If you booked a reference call, the next step is the SOW reading guide. The interview is the people screen. The SOW is the money screen. Both clear before you sign.

What to do after

  • Above 7: book the 30-minute reference call with two of the candidate’s prior clients or managers. Ask three questions: what AI-related incidents did they own, what was the OpenAI line on their monthly invoice, did they ever ship a PR with Assisted-by: in the commit log on request.
  • 5 to 7: schedule one 45-minute follow-up technical session, working through one of your real product flows on screenshare.

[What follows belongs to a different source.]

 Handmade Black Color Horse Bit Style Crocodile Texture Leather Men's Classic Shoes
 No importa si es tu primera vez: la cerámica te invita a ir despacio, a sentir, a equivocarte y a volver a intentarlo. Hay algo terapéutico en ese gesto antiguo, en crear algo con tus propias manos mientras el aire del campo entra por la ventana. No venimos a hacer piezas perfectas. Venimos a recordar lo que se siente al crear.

If they cannot attend within seven days, that tells you their actual availability. Drop or proceed.
  • Below 5: send the polite-no the same evening. One paragraph:

📧 Copy-pasteable polite-no email:

Subject: [Date] interview - follow-up

Hi [first name],

Thank you for the time today. We are pausing the search to refine our requirements. We will keep your details on file.

Best, [Your name]

Do not negotiate.

The 30-minute interview is cheaper than the wrong hire it prevents. A bad three-month hire on a $90/hour LATAM contract costs $43K plus the onboarding hours and the rollback. The seven questions cost 30 minutes.